## EXERCISE DESCRIPTION
The needed output is the run of lines below from the one containing "10. 再加入肉糜,小火翻炒。" through the one containing "③ 並び順:登録の新・旧、更新の新・旧から並び順を変更できます。", copied exactly and free of pictures.

## EXERCISE MATERIAL
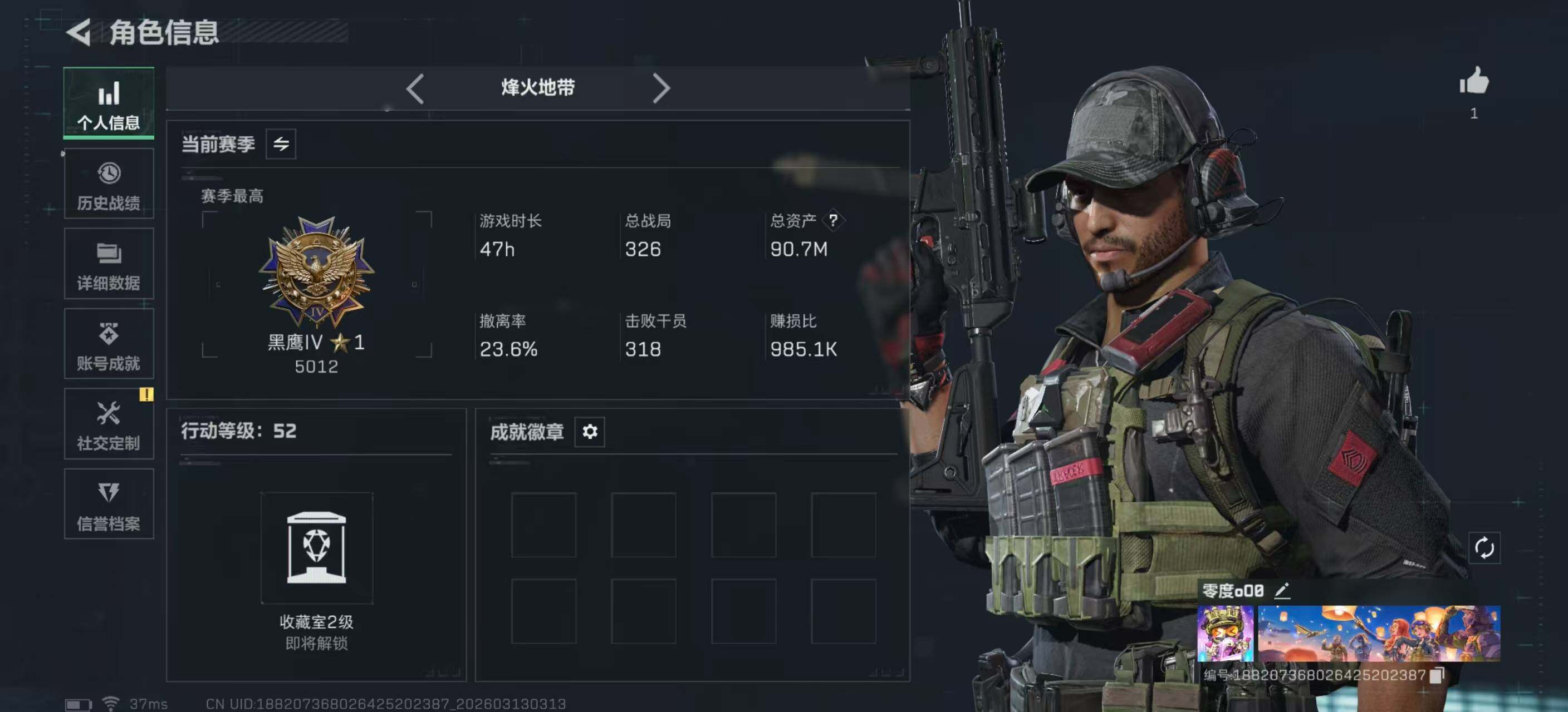 [17574708]【特价出售/店主推荐】90m总资产-4656k哈伏币-52烽火等级-黑鹰-1战场等级-无军衔
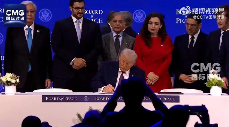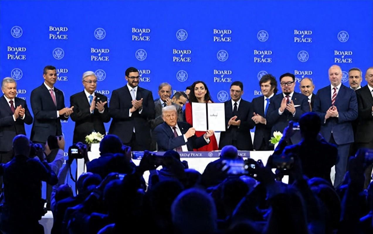 1月21日,在瑞士达沃斯的世界经济论坛上,特朗普亲自主持了一场签署仪式,19个国家代表当场签字,正式加入“和平委员会”。
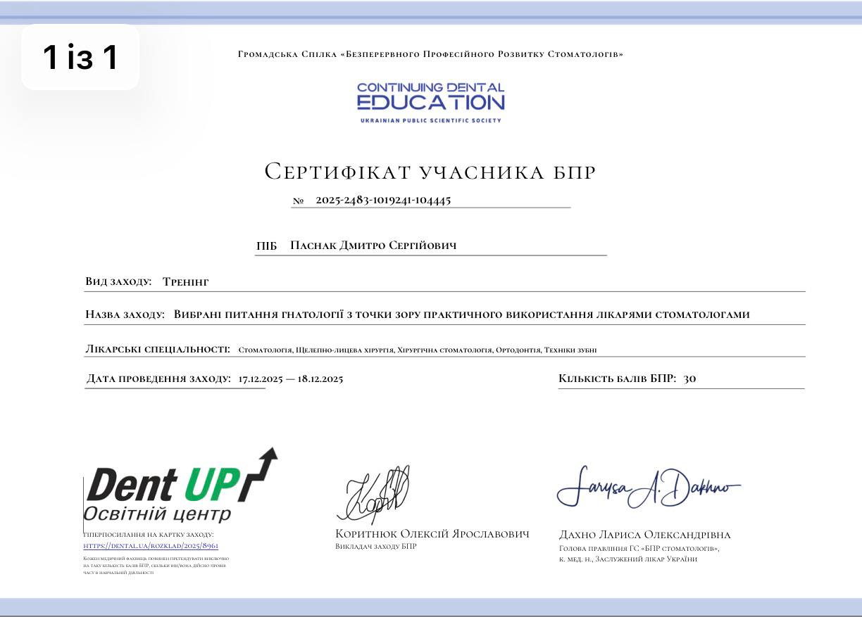 Вітаю, мене звати Паснак Дмитро Сергійович, я лікар стоматолог-ортопед в клініці UKrDentClub. На даній посаді я займаюсь улюбленою справою: роблю людей трішки щасливішими, а їх посмішку щирою та здоровою. Відвідуючи різні заходи по навчанню лікарів, я завжди йду в ногу з часом по впровадженню нових, сучасних, безболісних методів лікування та протезування зубів, таких як керамічні вініри, накладки, діоксид цирконієві коронки, коронки на імплантатах. Тож якщо у Вас відсутні зуби, відсутнє нормальне пережовування їжі, чи Ви хочете покращити естетику своїх зубів будемо раді бачити в нашій клініці.
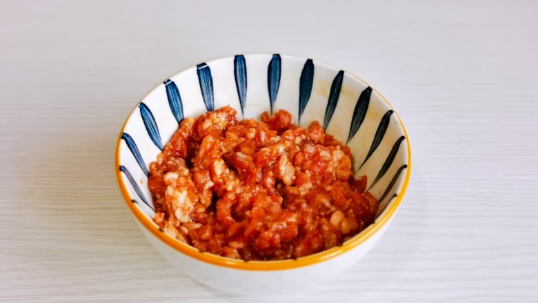 10. 再加入肉糜,小火翻炒。
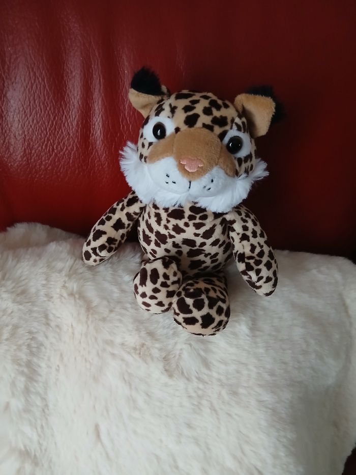 Doudou-Peluche entièrement rembourré; yeux boutons et museau brodé. Peut tenir en position assise. Hauteur totale de 22 cm; lavable à 30° // voir photos pour détails
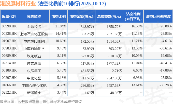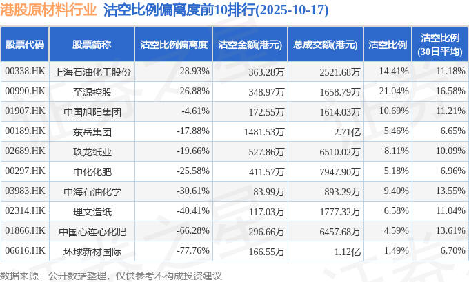 从沽空比例偏离度来看,上海石油化工股份、至源控股、中国旭阳集团沽空比例偏离度位居行业前三,分别为28.93%、26.88%、-4.61%。
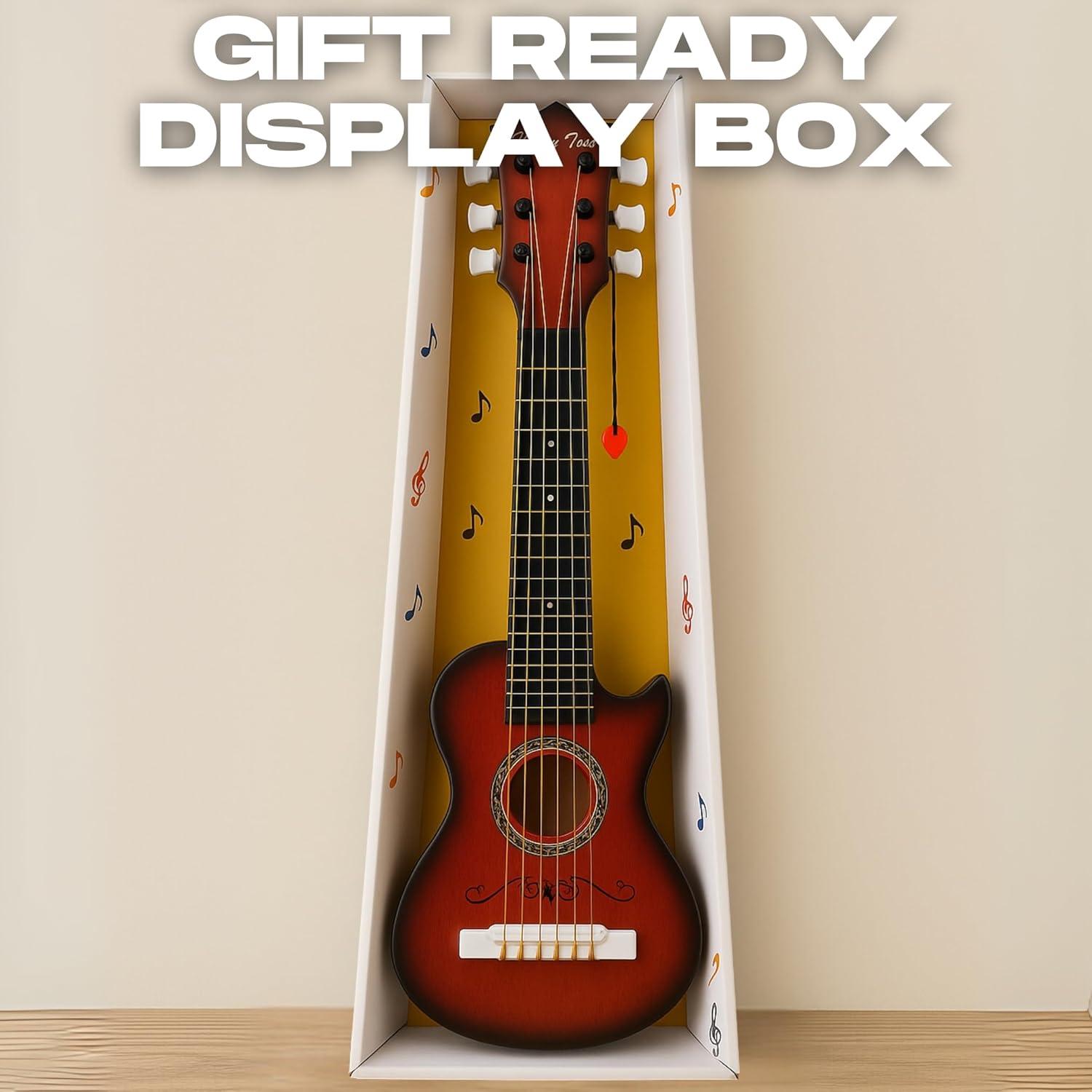 Gift-Ready Package: The guitar comes with a pick and strings, all packaged in a display gift box, making it the perfect present for your child or for friends and family who love music.
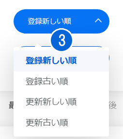 ③ 並び順:登録の新・旧、更新の新・旧から並び順を変更できます。
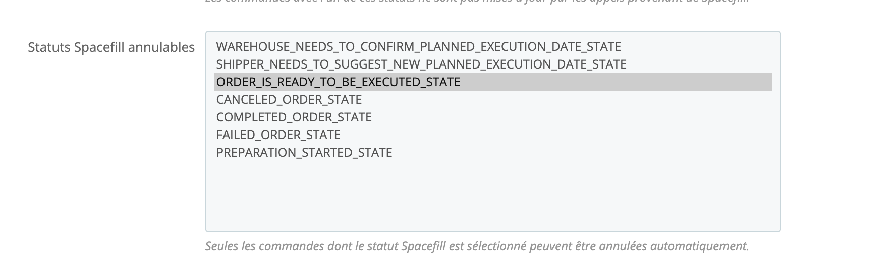 Statuts Spacefill annulables : Sélectionnez les statuts Spacefill dans lesquels la commande est encore annulable. Seules les commandes dont le statut Spacefill est sélectionné peuvent être annulées automatiquement. Par exemple, sélectionnez le statut Spacefill "ORDER_IS_READY_TO_BE_EXECUTED_STATE".
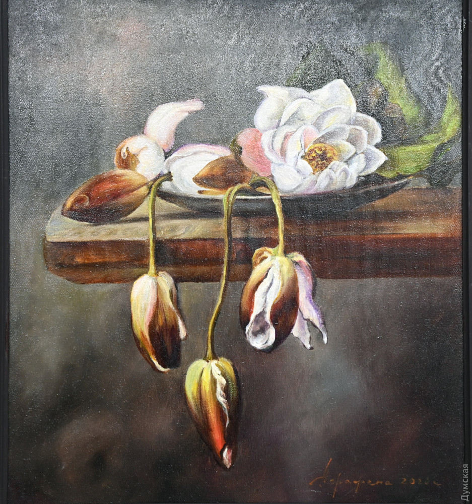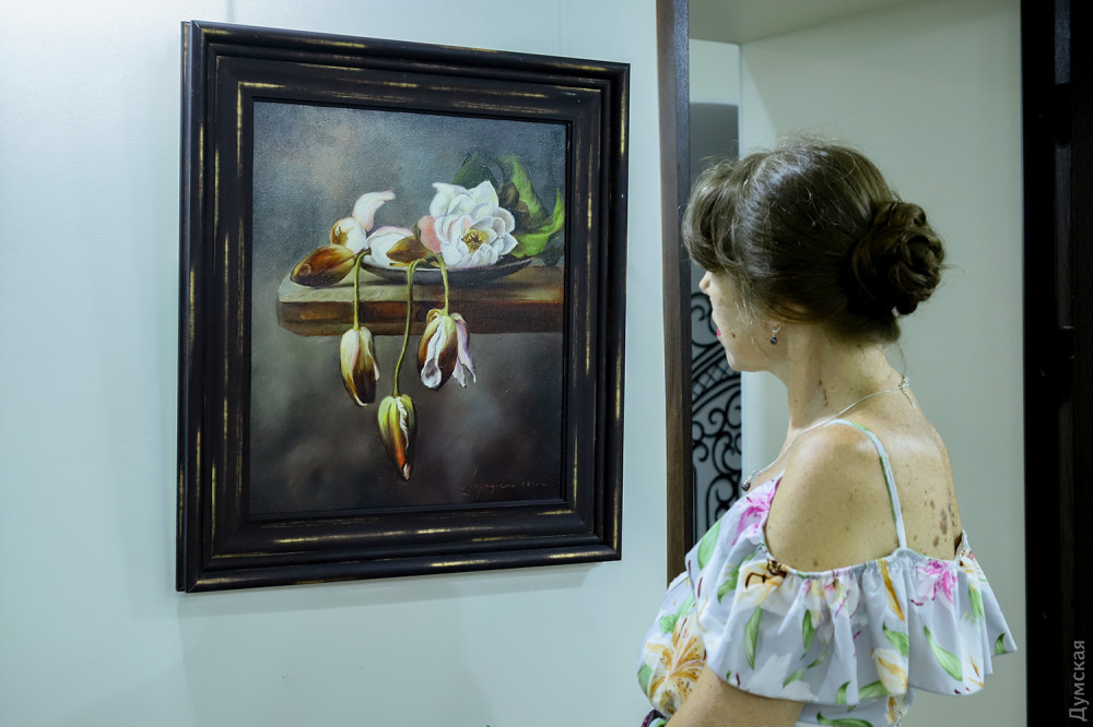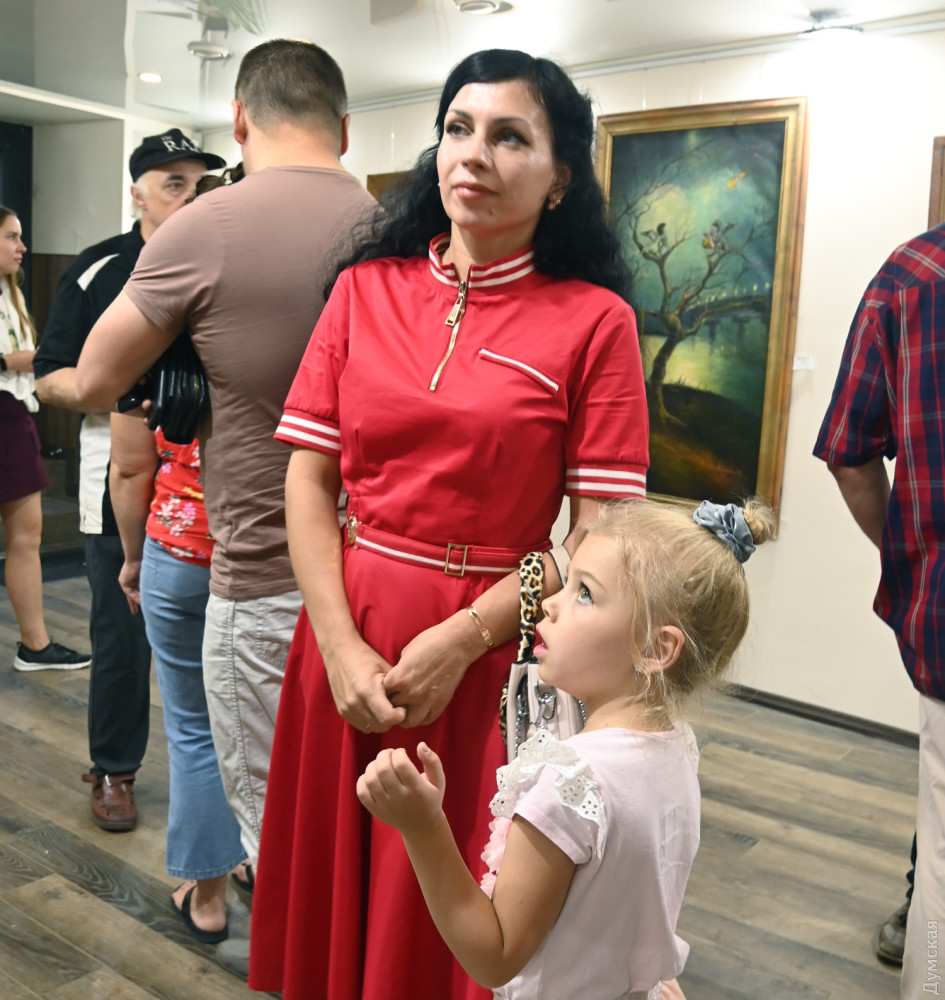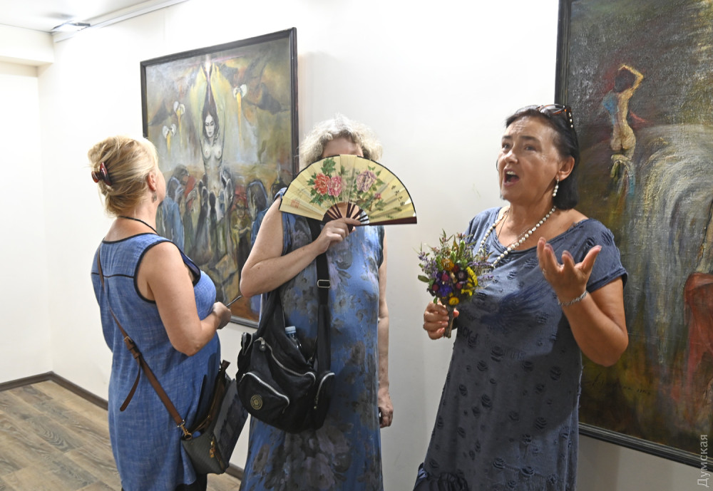 «Я живу в центрі Миколаєва, і останнім часом щоночі о третій-четвертій очікувано починалося бомбардування, по десять ракет. Сидиш у під’їзді та рахуєш, а якось я нарахувала 24 ракети… Поруч будинки вибухають, а ти сидиш и гадаєш, який буде наступним. У мене на шостому поверсі майстерня, добре видно руйнування. Ліфту немає, води немає… Трапилася нагода виїхати з сином до Одеси, вивезти трохи картин, і я цією нагодою скористалася», — втомлено посміхається Аграфена.

## ANSWER AREA
 10. 再加入肉糜,小火翻炒。
 Doudou-Peluche entièrement rembourré; yeux boutons et museau brodé. Peut tenir en position assise. Hauteur totale de 22 cm; lavable à 30° // voir photos pour détails
 从沽空比例偏离度来看,上海石油化工股份、至源控股、中国旭阳集团沽空比例偏离度位居行业前三,分别为28.93%、26.88%、-4.61%。
 Gift-Ready Package: The guitar comes with a pick and strings, all packaged in a display gift box, making it the perfect present for your child or for friends and family who love music.
 ③ 並び順:登録の新・旧、更新の新・旧から並び順を変更できます。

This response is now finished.